Supplied data
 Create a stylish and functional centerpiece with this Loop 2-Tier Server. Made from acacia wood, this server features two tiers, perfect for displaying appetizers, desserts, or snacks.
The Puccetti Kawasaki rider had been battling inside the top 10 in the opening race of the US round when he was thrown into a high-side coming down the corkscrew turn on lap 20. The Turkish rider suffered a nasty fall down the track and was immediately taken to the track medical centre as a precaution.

...

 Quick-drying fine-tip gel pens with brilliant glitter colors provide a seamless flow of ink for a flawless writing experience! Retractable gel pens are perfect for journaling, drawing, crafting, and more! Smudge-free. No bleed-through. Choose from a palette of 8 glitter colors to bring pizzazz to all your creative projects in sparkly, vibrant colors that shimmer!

Work item
In the entries above, find the line holding "Create a stylish" and the line holding "The Puccetti Kawasaki", then retype exactly those two lines and every line between them, and nothing else.

Result for this exercise
 Create a stylish and functional centerpiece with this Loop 2-Tier Server. Made from acacia wood, this server features two tiers, perfect for displaying appetizers, desserts, or snacks.
The Puccetti Kawasaki rider had been battling inside the top 10 in the opening race of the US round when he was thrown into a high-side coming down the corkscrew turn on lap 20. The Turkish rider suffered a nasty fall down the track and was immediately taken to the track medical centre as a precaution.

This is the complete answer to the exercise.